Infelizmente, os atos a seguir empalidecem em comparação. Embora inicialmente impressionante, o corte drástico do Ato 2 para um RPG da era de 8 bits cai por terra. O ato 3 retorna à perspectiva da primeira pessoa, mas em um ambiente mais genérico. Nenhum dos dois capta a mesma sensação arrepiante de pavor que permeia o Ato 1, nem consegue transmitir a mesma sensação de que alguma merda realmente esquisita está prestes a acontecer. Não é que eles sejam ruins, como tais; é mais que, em uma demonstração clara do poder do contexto temático, o Ato 1 estabelece uma barreira que os outros atos não podem alcançar.
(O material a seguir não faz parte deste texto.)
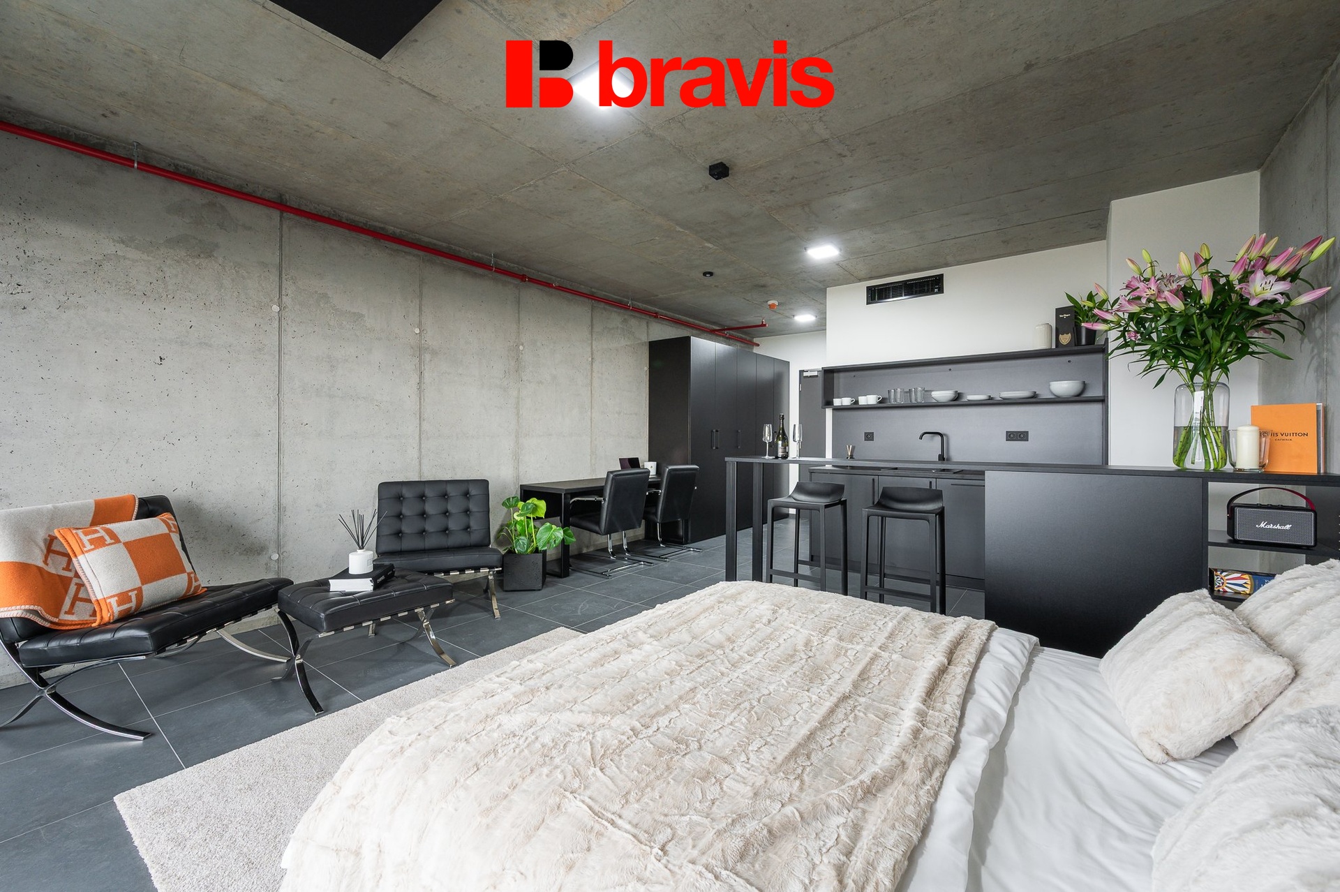 Ikonické křeslo Barcelona, komfortní postel (160×200 cm) s kvalitní matrací, pracovní zóna, velkorysé úložné prostory a stylový barový pult pro vaše ráno i večer.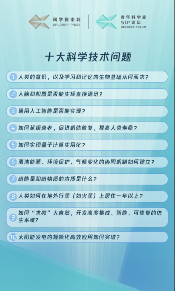 本次活動的一個亮點,就是發布2021年青年科學家50 論壇“十大科學技術問題”,由100位“科學探索獎”獲獎者共同發起和投票選出,代表了中國青年科技工作者的前沿科學洞察,問題涵蓋人類意識、人機通訊、量子計算實用化、地外行星居住等學術界和社會共同關心的熱點領域。主辦方表示,“十大科學技術問題”的發布,未來將成為“青年科學家50 論壇”的“招牌”,既集聚中國當代青年科學家的思考和觀察,也將為社會大眾所關心的現實和未來問題提供科學映照。

E isso realmente é Inscryption em poucas palavras. O primeiro ato é simplesmente brilhante. Não só o jogo de cartas central está no seu melhor, mas também é onde essa mecânica é melhor servida pelas armadilhas ricamente atmosféricas que os rodeiam. Os dois atos seguintes oferecem admiravelmente novas reviravoltas na mecânica e uma perspectiva diferente na narrativa, mas nenhum se mostra tão satisfatório quanto o original. Sozinho, o Ato 1 é um dos melhores jogos do ano, mas tudo o que vem depois o arrasta de volta para o pacote.